Zurich, 26 janvier 2017 – Les économistes d'UBS prévoient pour cette année une croissance du produit intérieur brut suisse de 1,4%. La croissance économique ne devrait donc pas s'accélérer par rapport à l'an passé, mais elle devrait reposer sur une base plus large. En 2016, la reprise dépendait encore fortement de certaines branches comme l'industrie pharmaceutique.

Cette année, la majorité des branches devrait s'être adaptée à la nouvelle réalité des taux de change et contribuer à nouveau à la croissance. Le taux de chômage devrait ainsi passer de 3,3% en moyenne l'an dernier à 3,2% cette année. De plus, les prix à l'importation ont baissé en 2016 à cause de l'appréciation du franc l'année précédente et de la forte baisse du prix du pétrole depuis 2014. Ces deux effets devraient s'atténuer cette année. Les économistes d'UBS prévoient donc sur l'ensemble de l'année une inflation de 0,4%.

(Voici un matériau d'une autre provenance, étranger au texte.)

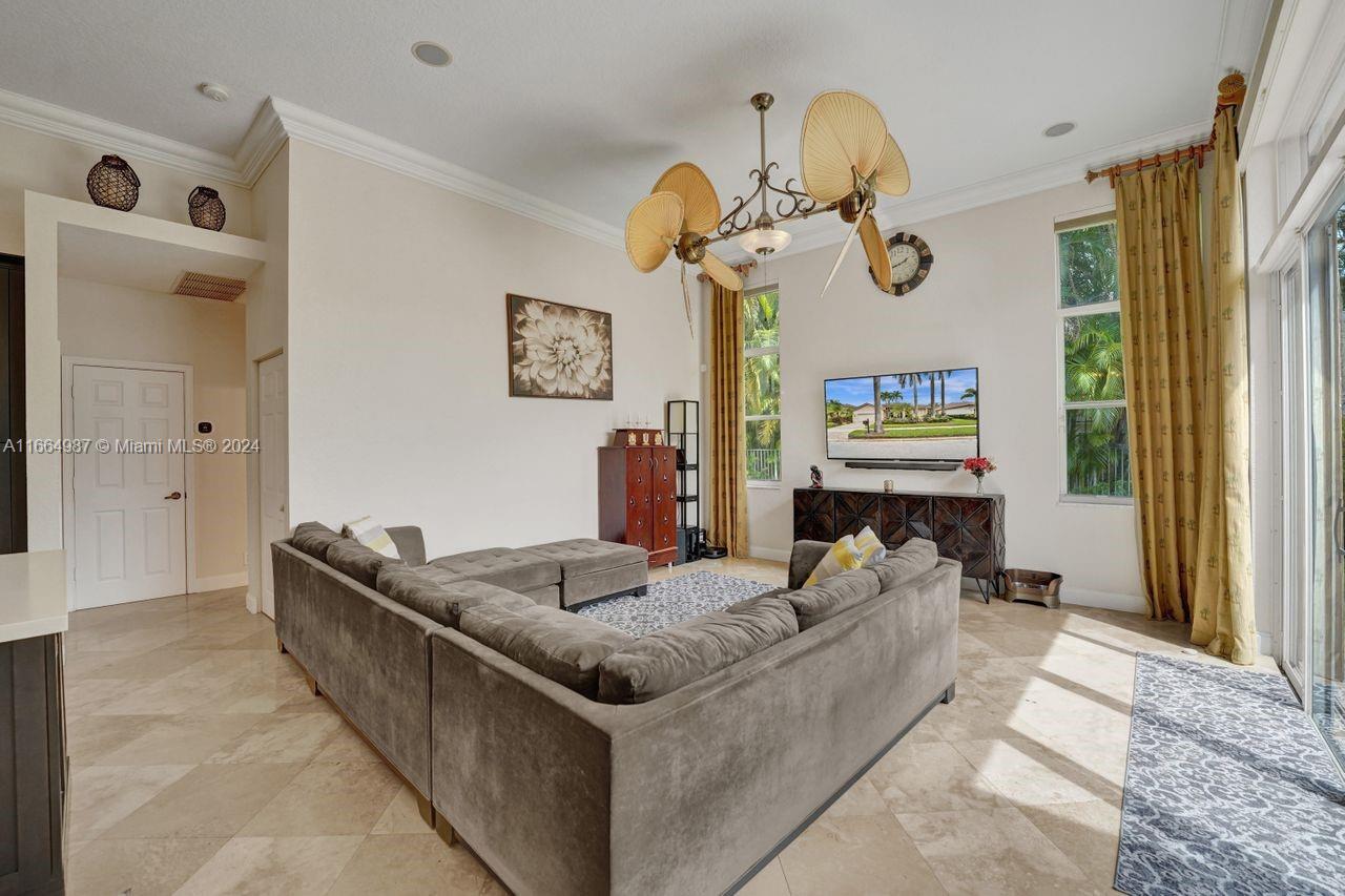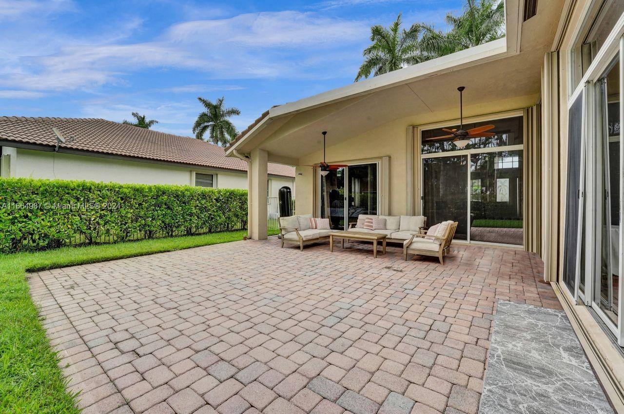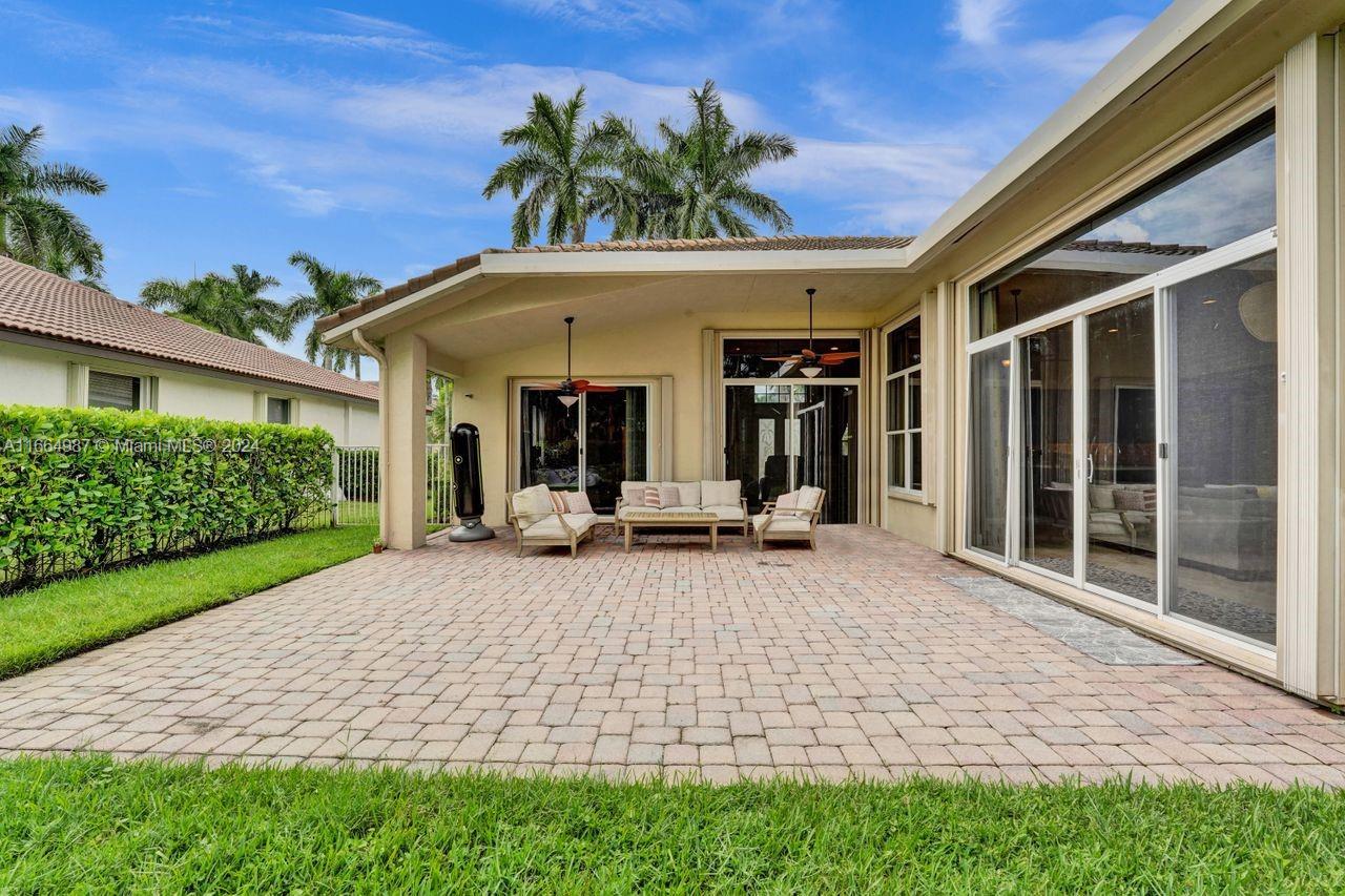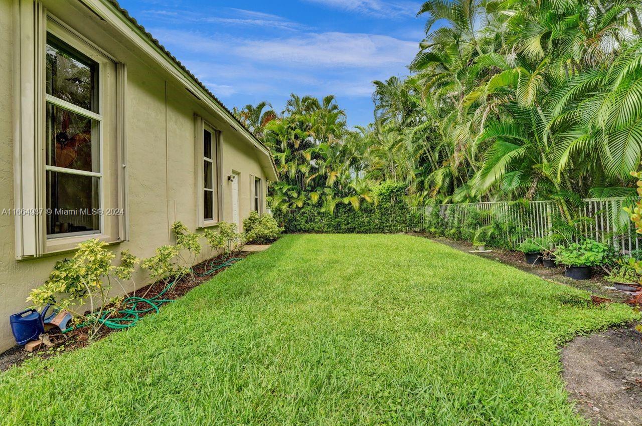 This beautiful house in Weston Hills Country Club features five bedrooms and three bathrooms in a split floor plan. The home boasts a spacious oversized lot with lush landscaping, creating an inviting entryway. The primary bedroom is generously sized with vaulted ceilings and hardwood flooring that accentuates the abundant natural light throughout the interior. The elegant decor and spacious layout provide a welcoming ambiance, with ample countertops and cabinetry in the kitchen, which is equipped with stainless steel and modern appliances, offering ample storage. Elegant architectural details and a covered patio lead to a spacious outdoor living area with a brick-paved patio, lush tropical landscaping, and a nice spacious yard.
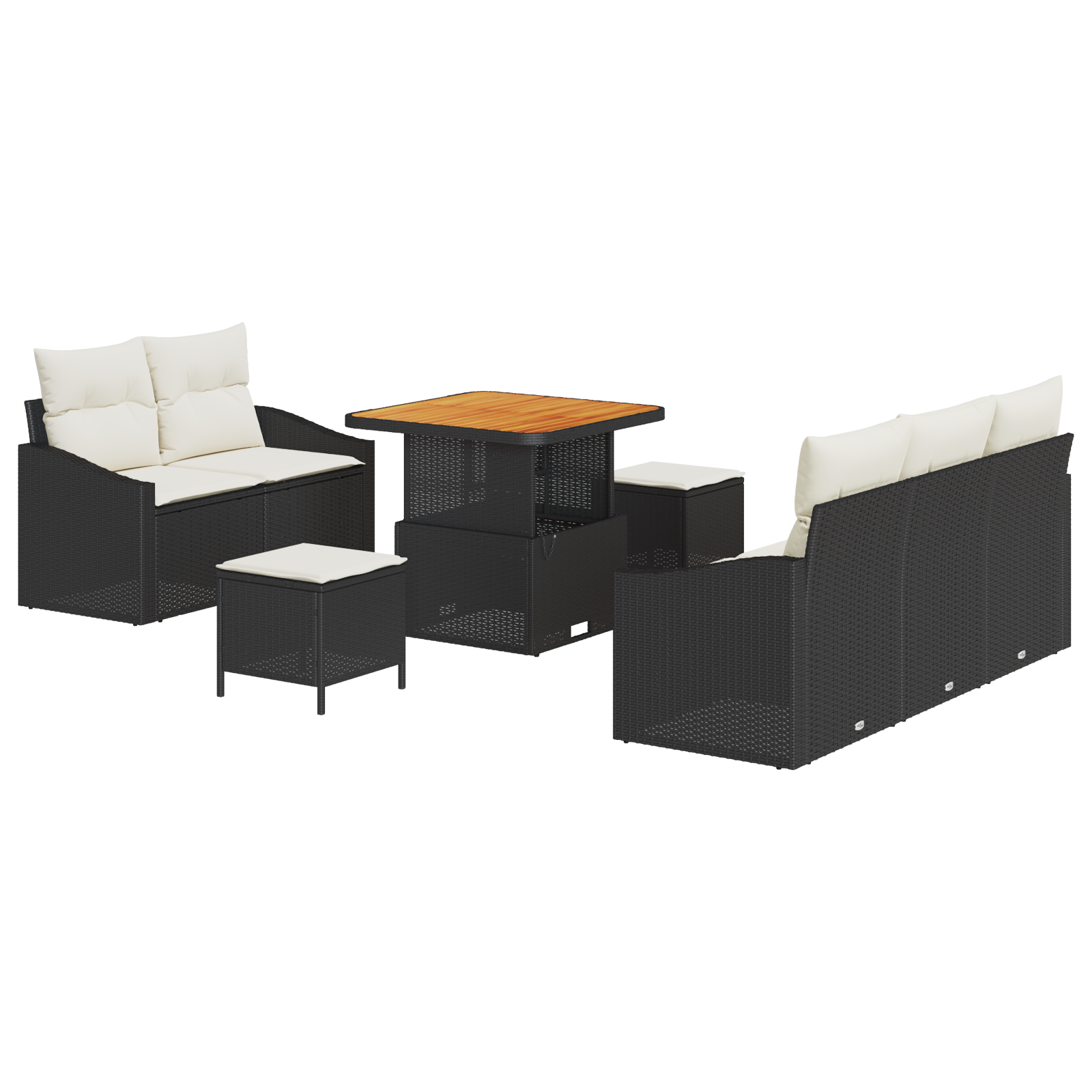 Set Canapea de Grădină cu 8 Piese și Perne Poliratan Negru Acacia GartenMobel Dekor
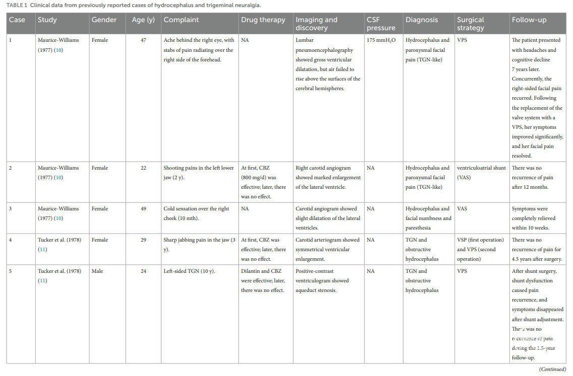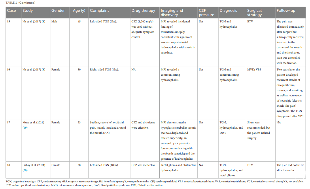 表1.既往文献报道18例脑积水相关三叉神经痛。

Le taux de change EURCHF dépend de la politique monétaire

La Banque nationale suisse (BNS) restera prête à s'opposer à une nouvelle appréciation importante du franc par des interventions sur le marché des changes. En effet, une forte hausse de la monnaie pourrait menacer la fragile reprise économique. Après les interventions sur le marché des devises, les intérêts négatifs constituent le deuxième instrument de la BNS pour lutter contre une appréciation du franc. En raison de la politique monétaire toujours très expansionniste de la Banque centrale européenne (BCE), un premier relèvement des taux de la BNS à -0,50%, contre -0,75% actuellement, ne devrait avoir lieu qu'en juin 2018. Les économistes d'UBS ne prévoient pas de retour à des taux directeurs positifs pour la BNS avant 2019.

Les incertitudes géopolitiques mondiales et la politique monétaire de la BNS et de la BCE continuent à influer sur le taux de change EURCHF. A court terme, ce sont surtout des événements géopolitiques comme le Brexit, les élections américaines ou, si l'on remonte un peu plus loin dans le passé, la crise de l'euro qui ont déclenché des fluctuations importantes de la paire de devises. Grâce aux interventions de la BNS, ces événements n'ont jusqu'à présent pas déclenché de mouvements significatifs de l'EURCHF.

A moyen terme, la politique monétaire de la BCE sera plus déterminante pour le taux de change EURCHF. UBS estime que la BCE annoncera vers la fin de l'été l'abandon progressif de son programme d'achat d'obligations. Cela devrait soutenir l'euro. Pour la première fois depuis le début de la crise de l'euro, la pression sur l'EURCHF devrait donc diminuer sensiblement et la paire de devises devrait remonter à moyen terme en direction de 1.15.
Du côté des intérêts, l'élection de Donald Trump à la présidence des Etats-Unis a déclenché une forte remontée des taux obligataires – pas seulement aux Etats-Unis, mais aussi dans la zone euro et en Suisse. Les marchés des capitaux doivent digérer ce mouvement de hausse. Les intérêts devraient donc stagner ces prochains trimestres.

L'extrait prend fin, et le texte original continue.